Un poco de comidita para el lunes:
http://www.sciencedaily.com/releases/2001/03/010327080532.htm

NYU Neuroscientist Examines How Brain Responds To Fears That Are Imagined
And Anticipated, But Never Experienced

Although people learn about potentially dangerous events through hard
experience (a given dog is dangerous because it once bit you), often we
learn about such events through communication (a given dog is dangerous
because you heard it bit somebody else.) In understanding the neural systems
of fear learning, most researchers have focused on the former type of
learning, which is called fear conditioning. However, little is known about
the neural system underlying fear-learning through communication, in the
absence of aversive experience.
Using fear conditioning, the neural systems of fear learning and expression
have been eloquently mapped with both human and animal research. This
research has indicated that a brain structure called the amygdala is
critical to the expression of a conditioned fear response. But is the
amygdala involved when you encounter a fear-invoking event that you have
merely heard about?

NYU neuroscientist Elizabeth A. Phelps addressed this question by examining
activity in the human amygdala with a task called "instructed fear." Using
fMRI, Phelps found that the amygdala is indeed activated in response to
verbally communicated "threat" stimuli. Furthermore, in this and follow-up
studies, Phelps and her colleagues found that this amygdala activity is
related to the physical indications of a fear response.

During "instructed fear," subjects do not actually receive an aversive
stimulus, but rather they are told an aversive event might occur in
conjunction with a neutral stimulus.
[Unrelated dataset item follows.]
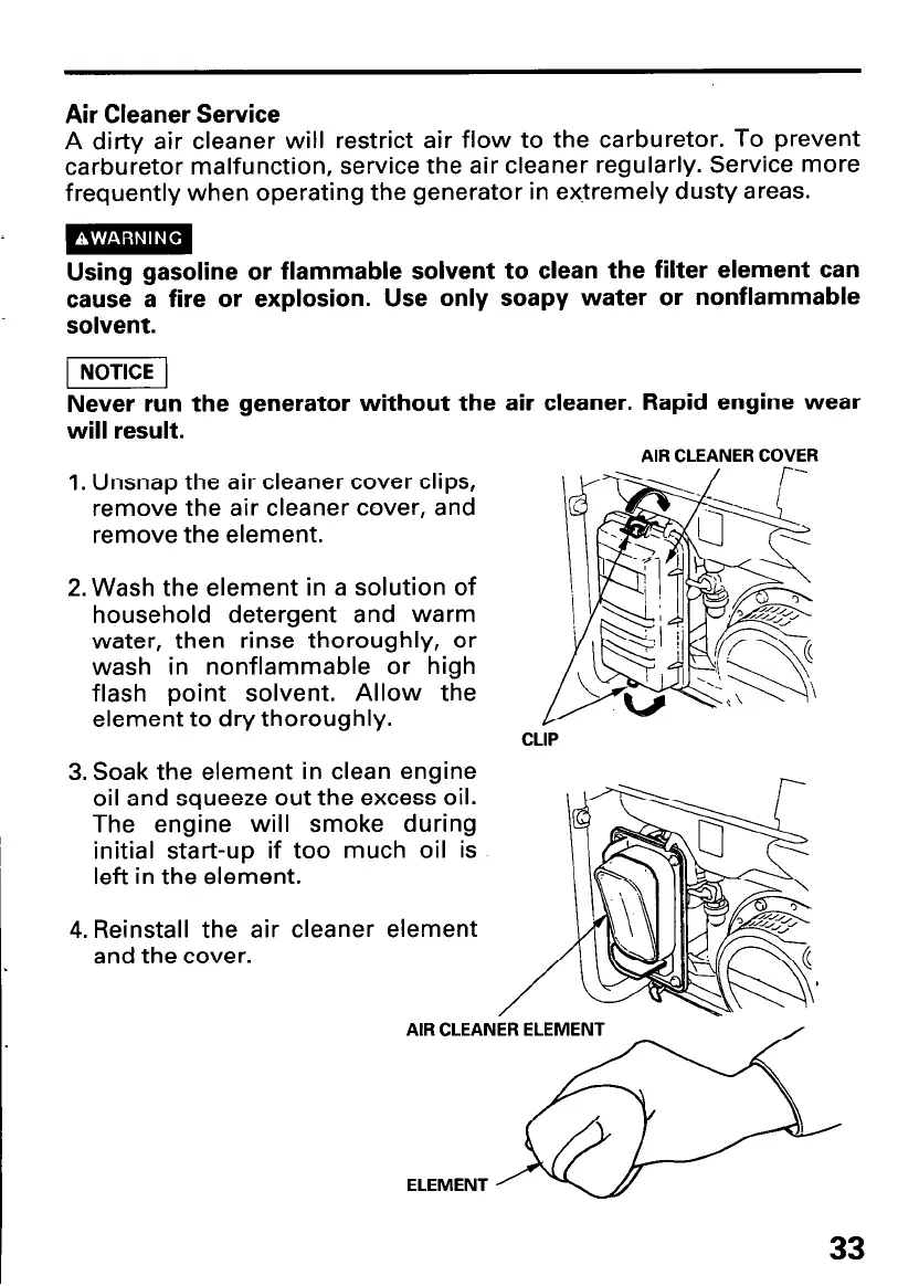Never run the generator without the air cleaner. Rapid engine wear

In this case, subjects were presented a
series of three images on a computer screen: a yellow square, a blue square,
and the word "rest." Subjects were told they might receive a shock,
delivered by an electrode on their wrist, when one color was presented (the
threat condition) and that they would not receive a shock when the other
color was presented (the safe condition). Although all subjects indicated
that they believed they would receive a shock, none of the subjects actually
received a shock during the study.

Taken as a whole, Phelps' findings extend the amygdala's involvement in the
expression of fear to situations where the aversive consequences are
imagined and anticipated but never experienced. In other words, fears that
exist only in our minds activate some of the same neural systems as fears
that are learned through experience.


This research was conducted in collaboration with Michael Davis, Christian
Grillon, John C. Gore, Christopher Gatenby and Kevin J. O'Connor. These
studies were conducted at the Yale School of Medicine's Department of
Radiology.

Elizabeth A Phelps is an associate professor of psychology and neural
science at NYU. She received her Ph.D. from Princeton University.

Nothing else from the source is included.